I say, “The right attitude is to come in listen and pray for your husband.” Don't talk too much. After service, don't talk too much. Just, just pray for your husband, alright? Don't ask him, how's the sermon ah? Just let it be. Pray for him because the next week, he will ask you the same questions, alright? The role of the wife.

Father, we want to thank You for this day, in a world where there's so many opinions and actually a lot of confusion about this subject, we see the clarity declared in the Bible. God forbids our hardened hearts to continue sinning against You. But call us today to repent and to obey, whatever our situation in our marital life may be. I pray for the healing of the homes and I pray for the obedience of Your people.

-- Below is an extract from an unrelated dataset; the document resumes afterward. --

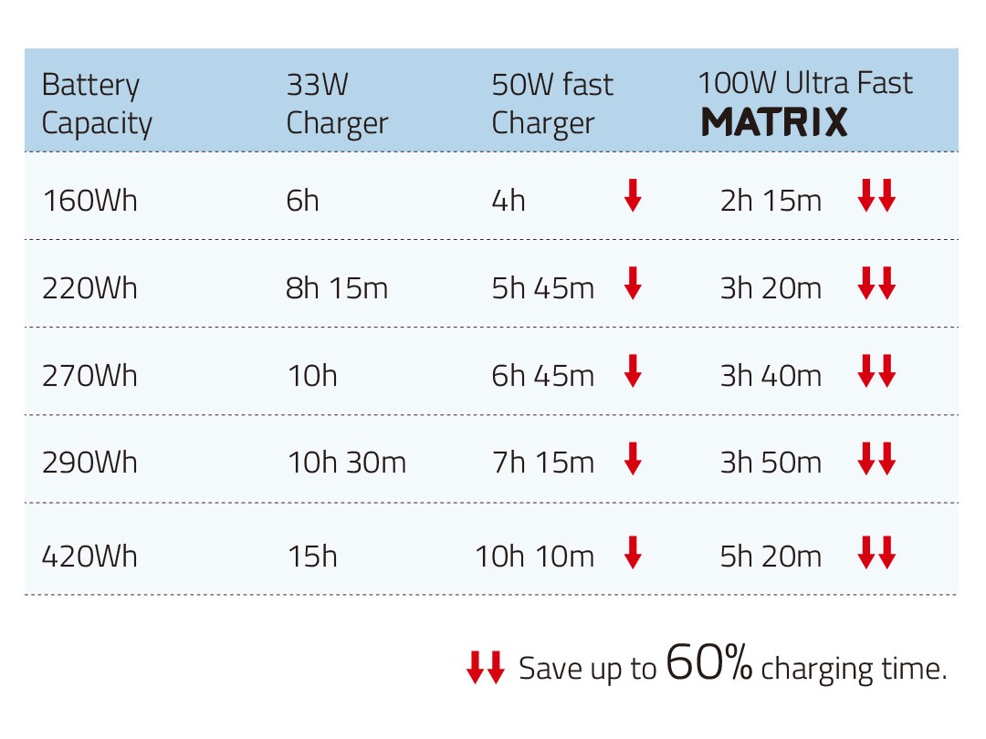 A MATRIX-A8 intelligens felismerési technológiát alkalmaz, amely automatikusan érzékeli, hogy a csatlakoztatott akkumulátorok támogatják-e a gyors töltést. Ennek megfelelően szabályozza a kimeneti áramot, hogy optimalizálja az akkumulátorok állapotát és a töltési sebességet. Ez biztosítja a kompatibilitást a Gold-mount akkumulátorok széles skálájával, meghosszabbítva az akkumulátorok élettartamát és maximalizálva a töltő hatékonyságát.

Dear Lord, we pray also for people here who do not know Jesus and they are really going through hard times in their marriage, with all these pain they are going through, You are speaking to them and You're calling them to realize that they need You. So, would You show them their utter helplessness. Show them their sinfulness and then draw them to Jesus. Cause them today, to repent of their sin and to believe in Jesus Christ, Your Son. Bless all gathered here. Lord, bless our homes, we give our homes to You. We pray all this in Jesus’ Name, Amen.